Many argue that the “A” in AI should stand for “augmented” intelligence, not “artificial” intelligence. However, it also can be argued that the “I” in AI isn’t necessarily intelligence, either — at least not without humans providing context and common sense.
I recently had the opportunity to chat with Oliver Ratzesberger, president and CEO of Teradata, who points out that “AI is actually very simple math at its core. It is not intelligence. It is not sentience. It is not that you can train an algorithm and and it will warn you that its doing something that may be wrong. Whatever bias was in that training set will come at you full force when that algorithm runs.”
There are many challenges with developing a successful AI initiative. Speed and scale of data are essential. At the same time, there needs to be human involvement and engagement with AI to add the intelligence into AI efforts.
The challenge with AI efforts these days is 80% to 90% of AI projects around the world fail, Ratzesberger points out. “If you were to look at what went wrong, the most common theme that we see is the inability to operationalize something. It’s one thing that a data scientist builds a model, which may take weeks to do. Then have the model, and now everybody says, ‘So what? What are we going to do with this?'”
Taking an idea from inception “and injecting that into operational systems and workflows is really, really hard work,” he continues. “Especially when the algorithms were built in a separate data silo, on a separate platform for one particular algorithm. The data is quickly outdated, and when the when algorithms are trained, they’re actually not trained with latest and greatest of data.”

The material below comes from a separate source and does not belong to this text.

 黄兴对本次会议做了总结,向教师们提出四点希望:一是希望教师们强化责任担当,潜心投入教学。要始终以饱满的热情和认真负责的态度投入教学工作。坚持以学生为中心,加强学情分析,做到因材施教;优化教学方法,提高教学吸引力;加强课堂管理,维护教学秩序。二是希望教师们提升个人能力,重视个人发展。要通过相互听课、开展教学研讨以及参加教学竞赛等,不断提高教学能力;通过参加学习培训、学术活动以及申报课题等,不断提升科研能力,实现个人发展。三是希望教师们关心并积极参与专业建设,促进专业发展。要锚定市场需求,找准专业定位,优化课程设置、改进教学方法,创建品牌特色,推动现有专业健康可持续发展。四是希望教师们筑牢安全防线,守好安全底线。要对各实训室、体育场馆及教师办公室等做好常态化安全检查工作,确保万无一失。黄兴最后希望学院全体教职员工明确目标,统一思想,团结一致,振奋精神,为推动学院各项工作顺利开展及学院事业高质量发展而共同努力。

Add to the mix what has been “governance shortcomings that have been creeping into enterprises around the world over the last 10 to 20 years,” Ratzesberger continues. “There was a time companies said need to understand data very well, modeling it, describing it, assuring data quality.” Now, however, with massive amounts of data flowing through enterprises and ending up in unrestricted repositories such as data lakes, finding the right information to properly develop and train AI algorithms is an issue. “You just don’t find what you need anymore, and with algorithms, garbage-in garbage-out is even more pronounced. As amazing as algorithms can be, there is something big missing.”
This is where the human element is important,” he says. “When you tell a human do something, and if for some reason that doesn’t make sense because something in environment has changed, most humans will raise their hands and at least say something like, ‘That’s silly, that makes no sense.’ Algorithms have no intuition. They don’t understand when something has drifted away.”

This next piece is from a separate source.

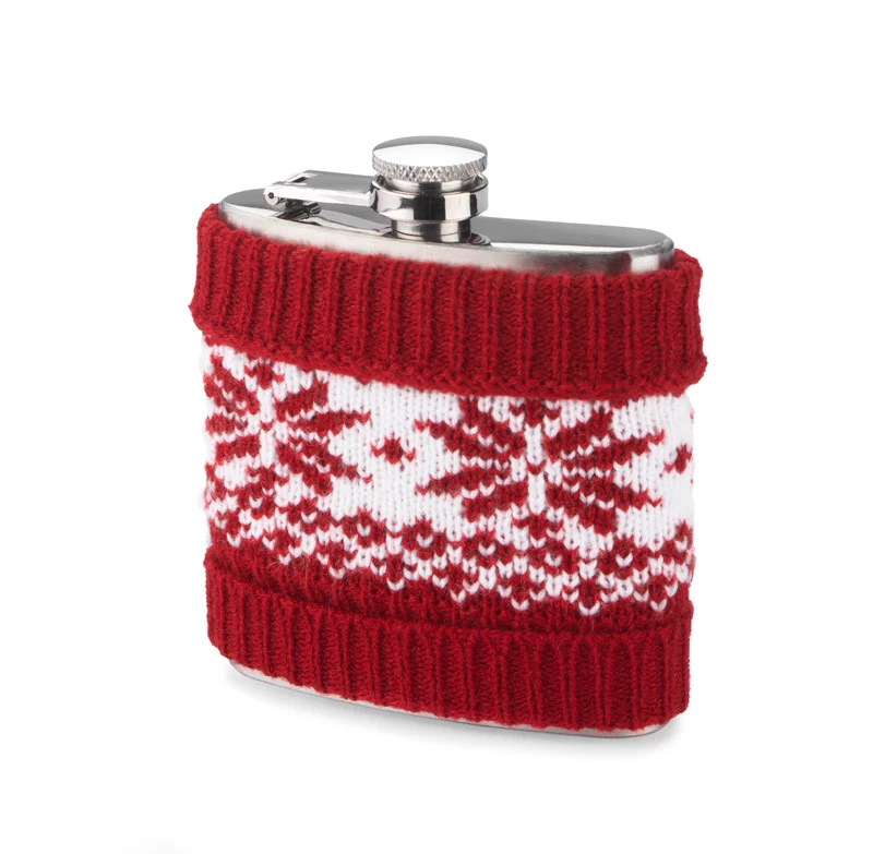 Piersiówka WARM ze stali nierdzewnej o pojemności 200 ml z bezpiecznym zamknięciem. Piersiówka ubrana w sweterek z zimowym wzorem. Doskonały pomysł na upominek.

Governance and explanability are crucial as organizations increase their reliance on AI algorithms, Ratzesberger advocates. “Analytics on algorithms is something most companies have only started to think about. It’s supervising the algorithms, making sure the algorithms they have trained do not exhibit strong biases. When all of a sudden algorithms around the world seem to be preferring white males over other individuals, it’s not like anybody who trained these algorithms intended them to do that. There is inherent bias in every training data set in every country in every product.”